Sebuah memori usang tiba-tiba berputar di kepala. Aku pikir aku telah menyimpannya rapi dan tiada yang bisa memutarnya kembali. Aku pikir aku telah menyelesaikannya hingga tandas, hingga tak perlulah ia bermain lagi. Namun ternyata tidak. Ia kini berputar di tempat-tempat yang bukan seharusnya.
Barangkali karena belum sebulan ini aku singgah di kota kelahirannya dan tempatnya bersekolah tinggi—dua tempat yang selalu ia banggakan. Bahkan ketika bermalam di salah satunya, ia berputar lagi di dalam mimpi seperti tujuh tahun silam.

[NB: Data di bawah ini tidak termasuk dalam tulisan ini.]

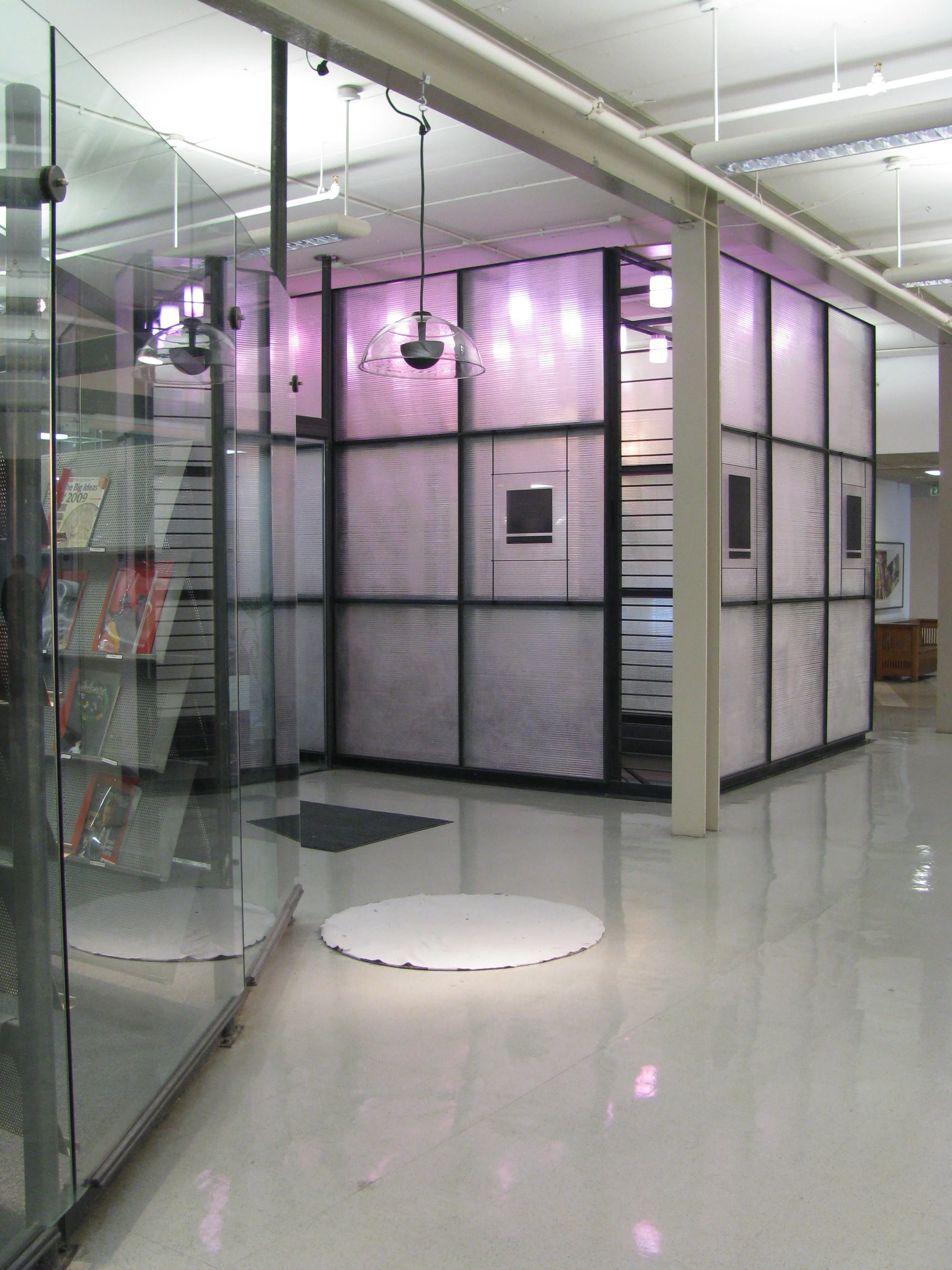 Sound, panoramic photographs, inked acrylic panels, poetry, curated library selection, and printed gallery guide. Dimensions variable
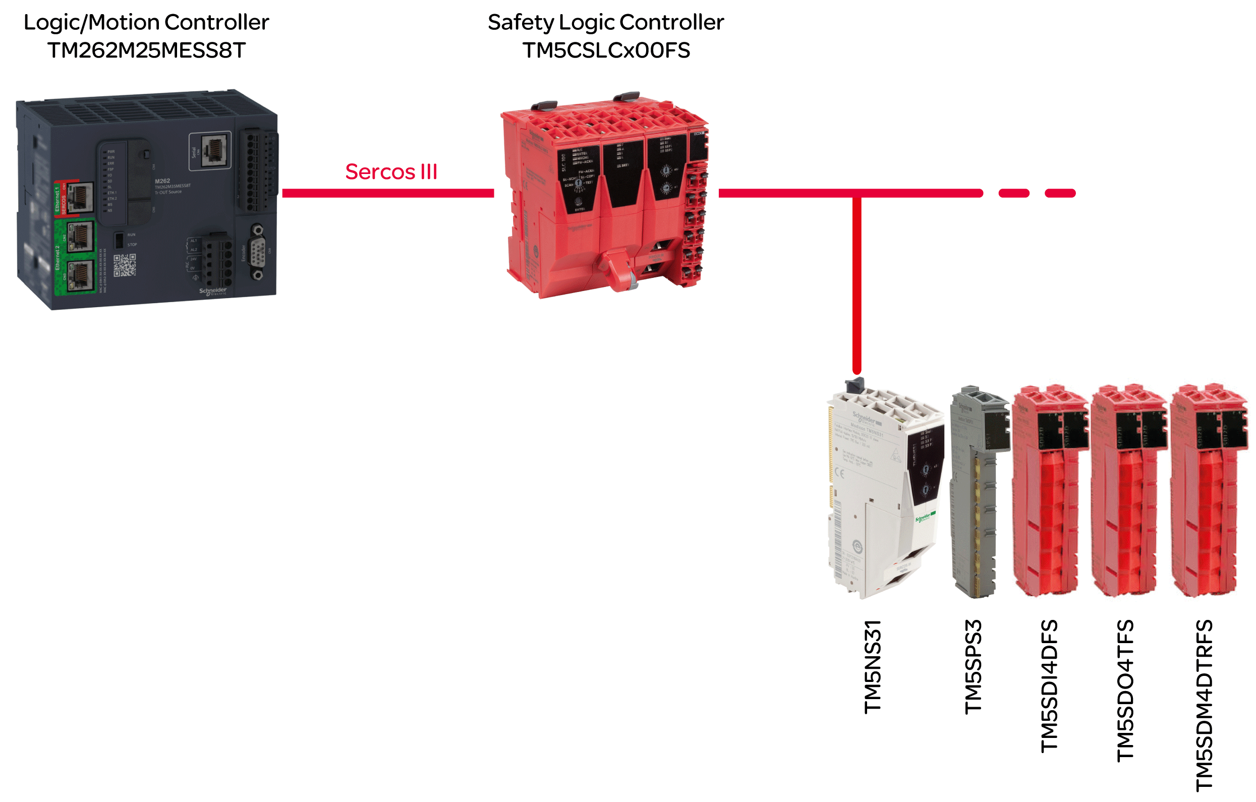 架构的安全相关部分由安全节点 (SN) 组成。SN 是 Sercos 网络中符合 openSafety 协议的节点。Schneider Electric 提供的安全相关模块为红色。它们可以通过其商业型号中附加的 FS 来辨别。

Barangkali juga ia sedang memberitakan padaku kalau ia telah sampai pada cita-citanya dahulu kepadaku: menjadi poros tumpu imaji dalam karyaku. Sebab belum ada lagi manusia yang dapat aku gubah menjadi fiksi-fiksi dan sajak kecuali ia.
Barangkali aku rindu berpikir. Sebab menaruh perasaan padanya sama artinya harus memasok pengetahuan dan mengaktifkan seluruh kerja otak agar percakapan terus bisa bergulir.
Aku memang sedang rindu menulis. Barangkali ini sebuah pertanda untuk bisa lebih rapi lagi mengarsipkan memori usang tentangnya sekaligus mewujudkan cita citanya untuk menjadi poros tumpu imaji dalam karyaku.
Agar ia tak perlu lagi berputar tiba-tiba di tempat-tempat yang harusnya menjadi memori baru. Agar aku tetap sadar bahwa ia adalah memori usang yang tidak perlu berputar kembali jika tidak diputar. Agar aku tetap bisa menulis—meski harus tentangnya.